Files

1.7 KiB

Usage

This page documents how to run the pipeline locally to complete the task for the dataset for 2020.

The pipeline also runs in GCP using DataFlow and is discussed further on but can be viewed here. We also discuss how to adapt the pipeline so it can run against the full dataset.

Download dataset

The input data by default should go in ./data/input.

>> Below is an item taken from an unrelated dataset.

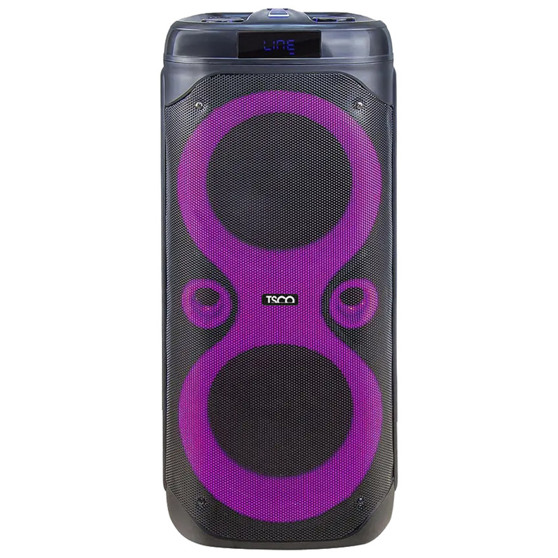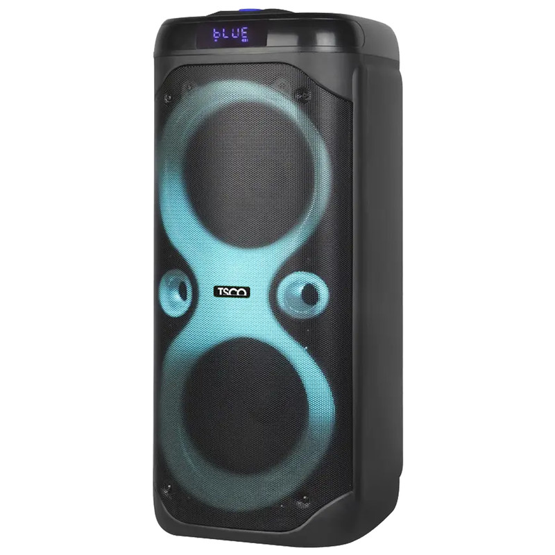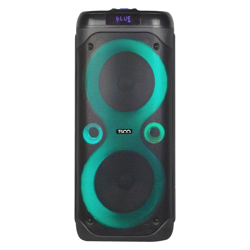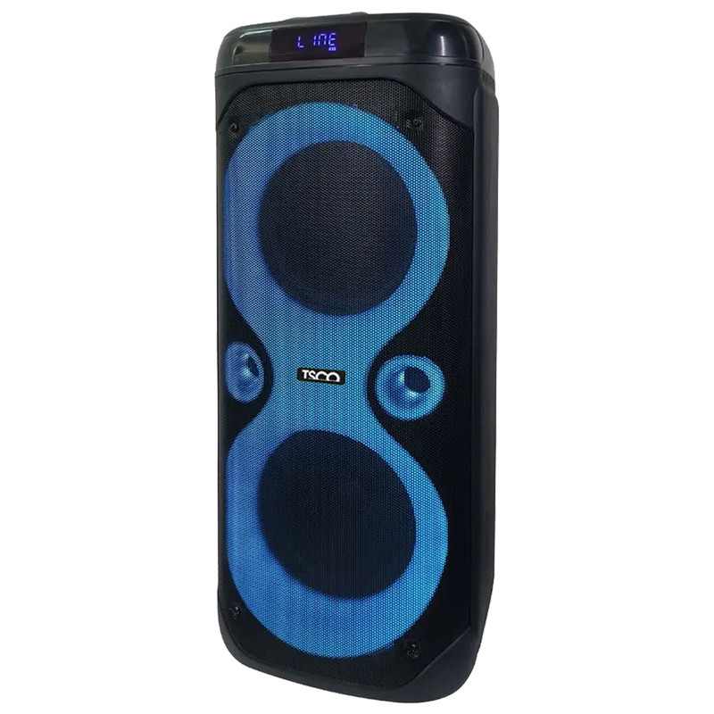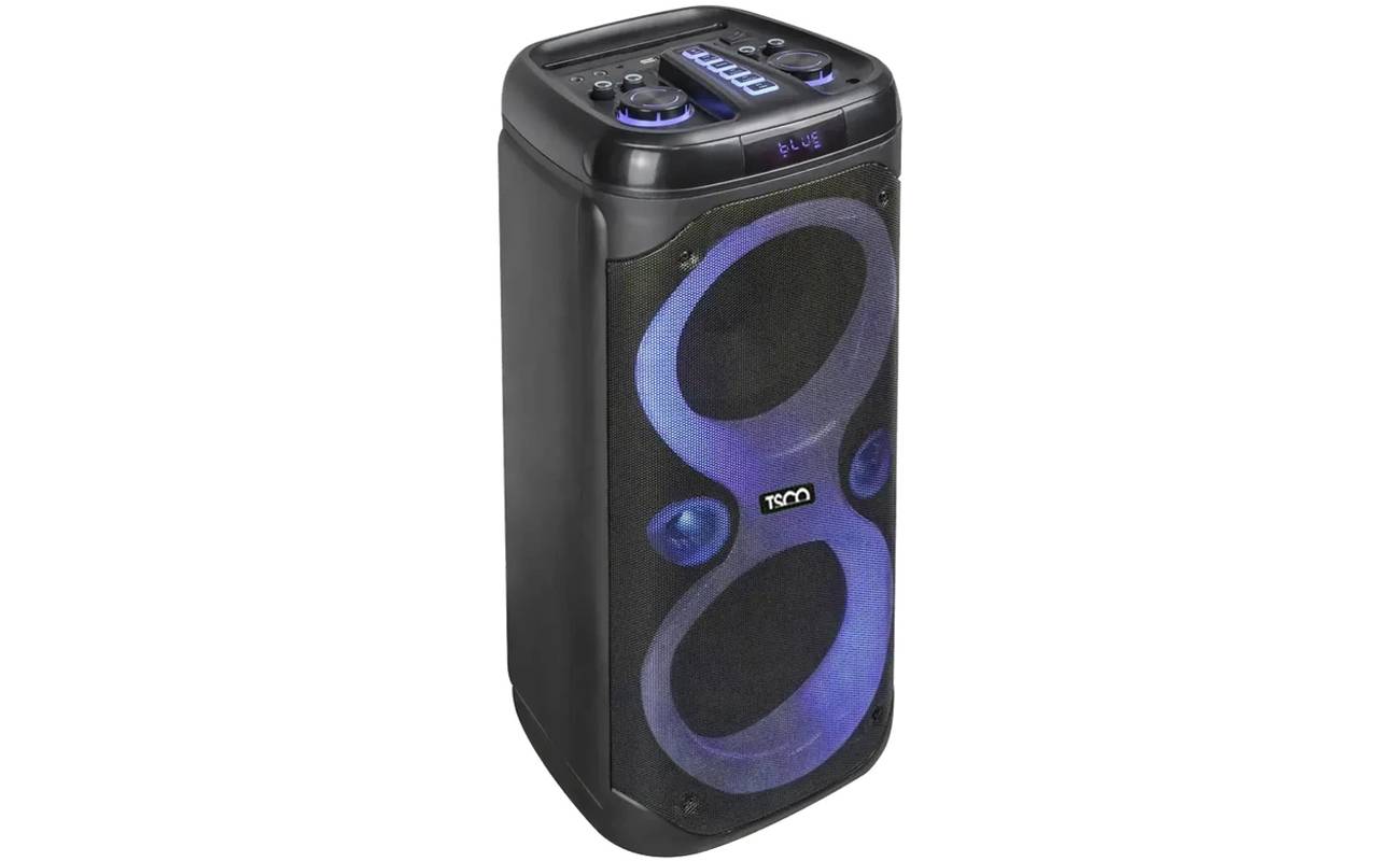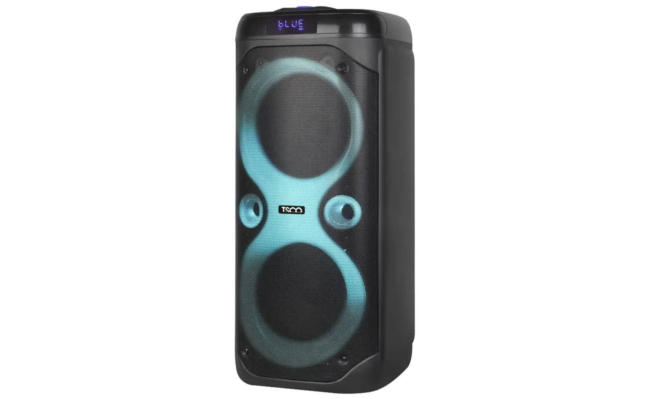 اسپیکر TS 1905 در دسته محصولات قابل حمل قرار میگیرد، اما طراحی آن به شکلی است که حس یک دستگاه قدرتمند و حرفهای را القا میکند. ابعاد بزرگ این مدل برابر با ۶۱۰x۲۶۵x۲۶۰ میلیمتر بوده و وزن آن حدود ۶.۳ کیلوگرم است که برای یک اسپیکر قابل حمل با عملکرد بالا کاملاً منطقی به نظر میرسد. بدنه این اسپیکر از پلاستیک مقاوم ساخته شده است، که علاوه بر کاهش وزن نسبت به بدنههای فلزی، دوام قابلقبولی در برابر ضربه و فشار معمولی ارائه میکند. بخش جلویی دستگاه میزبان یک سابووفر ۸ اینچی است که نقطه قوت اصلی آن در تولید بیس عمیق و پر حجم محسوب میشود. وجود رقص نور RGB جلوهای جذاب و مدرن به اسپیکر بخشیده و آن را برای استفاده در مهمانیها ایدهآل کرده است. این نورپردازی با موسیقی هماهنگ شده و قابلیت افزایش جذابیت بصری را دارد. توان خروجی کلی اسپیکر TS 1905 برابر با ۵۰۰۰ وات بوده که البته توان واقعی RMS هر بلندگو معادل ۳۰ وات است. این مقیاس برای کاربران خانگی و حتی جمعهای بزرگ، قدرت مطلوبی را فراهم میکند. حساسیت صدای دستگاه برابر با ۷۸ دسیبل بوده که نشان میدهد این مدل میتواند حجم صوتی بالایی را با کمترین افت کیفیت تولید کند.

For convenience the data is available publicly in a GCP Cloud Storage bucket.

Run:

wget https://storage.googleapis.com/street-group-technical-test-dmot-euw1/input/pp-2020.csv -P data/input

to download the data for 2020 and place in the input directory above.

Entrypoint

The entrypoint to the pipeline is analyse_properties.main.

Available options

Running

python -m analyse_properties.main --help

gives the following output:

usage: analyse_properties.main [-h] [--input INPUT] [--output OUTPUT]

optional arguments:
  -h, --help       show this help message and exit
  --input INPUT    Full path to the input file.
  --output OUTPUT  Full path to the output file without extension.

The default value for input is ./data/input/pp-2020.csv and the default value for output is ./data/output/pp-2020.

Run the pipeline

To run the pipeline and complete the task run:

python -m analyse_properties.main \
--runner DirectRunner \
--input ./data/input/pp-2020.csv \
--output ./data/output/pp-2020

from the root of the repo.

The pipeline will use the 2020 dataset located in ./data/input and output the resulting .json to ./data/output.